What is needed:
Return the full listing exactly as it is written.

Available records:
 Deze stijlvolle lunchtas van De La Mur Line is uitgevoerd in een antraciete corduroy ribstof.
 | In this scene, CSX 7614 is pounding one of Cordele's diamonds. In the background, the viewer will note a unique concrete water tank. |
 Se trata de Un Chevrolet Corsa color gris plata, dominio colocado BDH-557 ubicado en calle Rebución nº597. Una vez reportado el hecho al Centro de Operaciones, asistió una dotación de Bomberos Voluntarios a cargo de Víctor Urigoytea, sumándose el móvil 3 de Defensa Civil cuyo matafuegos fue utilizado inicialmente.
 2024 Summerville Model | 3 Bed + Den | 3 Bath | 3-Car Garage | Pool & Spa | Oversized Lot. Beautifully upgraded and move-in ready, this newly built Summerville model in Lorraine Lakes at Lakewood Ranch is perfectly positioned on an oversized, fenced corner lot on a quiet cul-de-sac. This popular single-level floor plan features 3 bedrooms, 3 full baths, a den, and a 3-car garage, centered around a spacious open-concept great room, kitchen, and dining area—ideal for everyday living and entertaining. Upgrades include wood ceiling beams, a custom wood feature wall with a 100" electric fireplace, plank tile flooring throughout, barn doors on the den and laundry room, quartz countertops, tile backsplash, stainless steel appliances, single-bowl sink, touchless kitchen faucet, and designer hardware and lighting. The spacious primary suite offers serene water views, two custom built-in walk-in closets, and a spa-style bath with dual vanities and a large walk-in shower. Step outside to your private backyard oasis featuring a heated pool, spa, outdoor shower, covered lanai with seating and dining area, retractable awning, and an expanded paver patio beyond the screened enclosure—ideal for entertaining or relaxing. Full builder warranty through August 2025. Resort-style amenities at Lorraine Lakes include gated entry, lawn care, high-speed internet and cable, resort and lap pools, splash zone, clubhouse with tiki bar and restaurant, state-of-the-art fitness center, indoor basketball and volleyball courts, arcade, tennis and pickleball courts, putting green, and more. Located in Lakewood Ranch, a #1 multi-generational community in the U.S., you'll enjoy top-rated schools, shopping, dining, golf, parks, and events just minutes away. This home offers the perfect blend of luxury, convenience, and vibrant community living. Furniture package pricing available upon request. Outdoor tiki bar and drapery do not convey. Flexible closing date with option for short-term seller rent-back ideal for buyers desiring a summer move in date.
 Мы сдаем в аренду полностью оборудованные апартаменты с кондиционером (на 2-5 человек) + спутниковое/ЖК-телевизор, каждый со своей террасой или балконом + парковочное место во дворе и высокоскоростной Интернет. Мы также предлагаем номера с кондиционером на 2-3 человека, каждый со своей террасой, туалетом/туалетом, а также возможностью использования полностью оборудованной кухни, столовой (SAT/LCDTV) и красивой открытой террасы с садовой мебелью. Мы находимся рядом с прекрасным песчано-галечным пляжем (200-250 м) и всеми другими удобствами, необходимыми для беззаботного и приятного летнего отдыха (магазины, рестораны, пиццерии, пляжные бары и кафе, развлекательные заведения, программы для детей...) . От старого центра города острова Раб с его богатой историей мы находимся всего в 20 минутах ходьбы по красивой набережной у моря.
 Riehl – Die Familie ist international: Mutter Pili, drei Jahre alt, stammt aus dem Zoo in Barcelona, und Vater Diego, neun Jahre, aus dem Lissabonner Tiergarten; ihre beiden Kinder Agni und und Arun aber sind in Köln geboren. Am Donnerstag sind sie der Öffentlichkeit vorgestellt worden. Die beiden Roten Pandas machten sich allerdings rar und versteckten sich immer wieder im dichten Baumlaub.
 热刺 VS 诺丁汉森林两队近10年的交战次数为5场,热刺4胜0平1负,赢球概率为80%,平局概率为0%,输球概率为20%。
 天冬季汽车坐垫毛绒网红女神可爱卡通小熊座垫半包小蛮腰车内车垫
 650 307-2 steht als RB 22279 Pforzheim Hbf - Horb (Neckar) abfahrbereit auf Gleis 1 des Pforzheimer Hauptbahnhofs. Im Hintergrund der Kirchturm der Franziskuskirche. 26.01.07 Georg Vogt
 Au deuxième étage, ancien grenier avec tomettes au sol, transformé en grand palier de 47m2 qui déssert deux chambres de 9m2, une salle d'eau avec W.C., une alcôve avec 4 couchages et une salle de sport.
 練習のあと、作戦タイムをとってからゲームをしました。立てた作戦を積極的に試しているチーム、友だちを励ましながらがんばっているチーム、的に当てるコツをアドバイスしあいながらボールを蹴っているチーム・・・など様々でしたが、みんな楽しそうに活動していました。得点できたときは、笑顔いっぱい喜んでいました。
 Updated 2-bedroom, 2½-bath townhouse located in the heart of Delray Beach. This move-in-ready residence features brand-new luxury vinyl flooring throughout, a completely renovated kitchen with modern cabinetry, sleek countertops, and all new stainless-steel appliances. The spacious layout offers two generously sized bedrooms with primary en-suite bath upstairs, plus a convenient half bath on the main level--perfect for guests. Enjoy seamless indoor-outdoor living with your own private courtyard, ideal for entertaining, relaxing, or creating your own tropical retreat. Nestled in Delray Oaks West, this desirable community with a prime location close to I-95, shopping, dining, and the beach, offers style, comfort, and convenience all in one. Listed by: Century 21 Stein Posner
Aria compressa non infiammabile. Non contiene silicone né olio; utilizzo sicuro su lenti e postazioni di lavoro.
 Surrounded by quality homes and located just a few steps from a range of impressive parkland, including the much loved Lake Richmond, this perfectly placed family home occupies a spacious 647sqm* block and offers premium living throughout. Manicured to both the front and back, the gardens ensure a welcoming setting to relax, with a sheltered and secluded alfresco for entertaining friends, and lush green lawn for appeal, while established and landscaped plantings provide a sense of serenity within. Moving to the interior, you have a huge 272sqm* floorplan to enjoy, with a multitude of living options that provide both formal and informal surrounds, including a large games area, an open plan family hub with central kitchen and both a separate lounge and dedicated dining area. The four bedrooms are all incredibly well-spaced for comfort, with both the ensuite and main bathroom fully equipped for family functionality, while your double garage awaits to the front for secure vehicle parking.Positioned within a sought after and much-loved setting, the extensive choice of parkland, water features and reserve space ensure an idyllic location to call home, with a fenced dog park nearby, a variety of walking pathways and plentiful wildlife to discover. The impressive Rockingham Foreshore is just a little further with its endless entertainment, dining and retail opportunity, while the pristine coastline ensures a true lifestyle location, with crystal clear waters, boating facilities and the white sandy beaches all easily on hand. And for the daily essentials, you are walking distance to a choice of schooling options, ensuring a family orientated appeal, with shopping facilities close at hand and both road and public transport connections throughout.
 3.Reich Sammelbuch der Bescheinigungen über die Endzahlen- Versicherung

Output for this exercise:
 Deze stijlvolle lunchtas van De La Mur Line is uitgevoerd in een antraciete corduroy ribstof.
 | In this scene, CSX 7614 is pounding one of Cordele's diamonds. In the background, the viewer will note a unique concrete water tank. |
 Se trata de Un Chevrolet Corsa color gris plata, dominio colocado BDH-557 ubicado en calle Rebución nº597. Una vez reportado el hecho al Centro de Operaciones, asistió una dotación de Bomberos Voluntarios a cargo de Víctor Urigoytea, sumándose el móvil 3 de Defensa Civil cuyo matafuegos fue utilizado inicialmente.
 2024 Summerville Model | 3 Bed + Den | 3 Bath | 3-Car Garage | Pool & Spa | Oversized Lot. Beautifully upgraded and move-in ready, this newly built Summerville model in Lorraine Lakes at Lakewood Ranch is perfectly positioned on an oversized, fenced corner lot on a quiet cul-de-sac. This popular single-level floor plan features 3 bedrooms, 3 full baths, a den, and a 3-car garage, centered around a spacious open-concept great room, kitchen, and dining area—ideal for everyday living and entertaining. Upgrades include wood ceiling beams, a custom wood feature wall with a 100" electric fireplace, plank tile flooring throughout, barn doors on the den and laundry room, quartz countertops, tile backsplash, stainless steel appliances, single-bowl sink, touchless kitchen faucet, and designer hardware and lighting. The spacious primary suite offers serene water views, two custom built-in walk-in closets, and a spa-style bath with dual vanities and a large walk-in shower. Step outside to your private backyard oasis featuring a heated pool, spa, outdoor shower, covered lanai with seating and dining area, retractable awning, and an expanded paver patio beyond the screened enclosure—ideal for entertaining or relaxing. Full builder warranty through August 2025. Resort-style amenities at Lorraine Lakes include gated entry, lawn care, high-speed internet and cable, resort and lap pools, splash zone, clubhouse with tiki bar and restaurant, state-of-the-art fitness center, indoor basketball and volleyball courts, arcade, tennis and pickleball courts, putting green, and more. Located in Lakewood Ranch, a #1 multi-generational community in the U.S., you'll enjoy top-rated schools, shopping, dining, golf, parks, and events just minutes away. This home offers the perfect blend of luxury, convenience, and vibrant community living. Furniture package pricing available upon request. Outdoor tiki bar and drapery do not convey. Flexible closing date with option for short-term seller rent-back ideal for buyers desiring a summer move in date.
 Мы сдаем в аренду полностью оборудованные апартаменты с кондиционером (на 2-5 человек) + спутниковое/ЖК-телевизор, каждый со своей террасой или балконом + парковочное место во дворе и высокоскоростной Интернет. Мы также предлагаем номера с кондиционером на 2-3 человека, каждый со своей террасой, туалетом/туалетом, а также возможностью использования полностью оборудованной кухни, столовой (SAT/LCDTV) и красивой открытой террасы с садовой мебелью. Мы находимся рядом с прекрасным песчано-галечным пляжем (200-250 м) и всеми другими удобствами, необходимыми для беззаботного и приятного летнего отдыха (магазины, рестораны, пиццерии, пляжные бары и кафе, развлекательные заведения, программы для детей...) . От старого центра города острова Раб с его богатой историей мы находимся всего в 20 минутах ходьбы по красивой набережной у моря.
 Riehl – Die Familie ist international: Mutter Pili, drei Jahre alt, stammt aus dem Zoo in Barcelona, und Vater Diego, neun Jahre, aus dem Lissabonner Tiergarten; ihre beiden Kinder Agni und und Arun aber sind in Köln geboren. Am Donnerstag sind sie der Öffentlichkeit vorgestellt worden. Die beiden Roten Pandas machten sich allerdings rar und versteckten sich immer wieder im dichten Baumlaub.
 热刺 VS 诺丁汉森林两队近10年的交战次数为5场,热刺4胜0平1负,赢球概率为80%,平局概率为0%,输球概率为20%。
 天冬季汽车坐垫毛绒网红女神可爱卡通小熊座垫半包小蛮腰车内车垫
 650 307-2 steht als RB 22279 Pforzheim Hbf - Horb (Neckar) abfahrbereit auf Gleis 1 des Pforzheimer Hauptbahnhofs. Im Hintergrund der Kirchturm der Franziskuskirche. 26.01.07 Georg Vogt
 Au deuxième étage, ancien grenier avec tomettes au sol, transformé en grand palier de 47m2 qui déssert deux chambres de 9m2, une salle d'eau avec W.C., une alcôve avec 4 couchages et une salle de sport.
 練習のあと、作戦タイムをとってからゲームをしました。立てた作戦を積極的に試しているチーム、友だちを励ましながらがんばっているチーム、的に当てるコツをアドバイスしあいながらボールを蹴っているチーム・・・など様々でしたが、みんな楽しそうに活動していました。得点できたときは、笑顔いっぱい喜んでいました。
 Updated 2-bedroom, 2½-bath townhouse located in the heart of Delray Beach. This move-in-ready residence features brand-new luxury vinyl flooring throughout, a completely renovated kitchen with modern cabinetry, sleek countertops, and all new stainless-steel appliances. The spacious layout offers two generously sized bedrooms with primary en-suite bath upstairs, plus a convenient half bath on the main level--perfect for guests. Enjoy seamless indoor-outdoor living with your own private courtyard, ideal for entertaining, relaxing, or creating your own tropical retreat. Nestled in Delray Oaks West, this desirable community with a prime location close to I-95, shopping, dining, and the beach, offers style, comfort, and convenience all in one. Listed by: Century 21 Stein Posner
Aria compressa non infiammabile. Non contiene silicone né olio; utilizzo sicuro su lenti e postazioni di lavoro.
 Surrounded by quality homes and located just a few steps from a range of impressive parkland, including the much loved Lake Richmond, this perfectly placed family home occupies a spacious 647sqm* block and offers premium living throughout. Manicured to both the front and back, the gardens ensure a welcoming setting to relax, with a sheltered and secluded alfresco for entertaining friends, and lush green lawn for appeal, while established and landscaped plantings provide a sense of serenity within. Moving to the interior, you have a huge 272sqm* floorplan to enjoy, with a multitude of living options that provide both formal and informal surrounds, including a large games area, an open plan family hub with central kitchen and both a separate lounge and dedicated dining area. The four bedrooms are all incredibly well-spaced for comfort, with both the ensuite and main bathroom fully equipped for family functionality, while your double garage awaits to the front for secure vehicle parking.Positioned within a sought after and much-loved setting, the extensive choice of parkland, water features and reserve space ensure an idyllic location to call home, with a fenced dog park nearby, a variety of walking pathways and plentiful wildlife to discover. The impressive Rockingham Foreshore is just a little further with its endless entertainment, dining and retail opportunity, while the pristine coastline ensures a true lifestyle location, with crystal clear waters, boating facilities and the white sandy beaches all easily on hand. And for the daily essentials, you are walking distance to a choice of schooling options, ensuring a family orientated appeal, with shopping facilities close at hand and both road and public transport connections throughout.
 3.Reich Sammelbuch der Bescheinigungen über die Endzahlen- Versicherung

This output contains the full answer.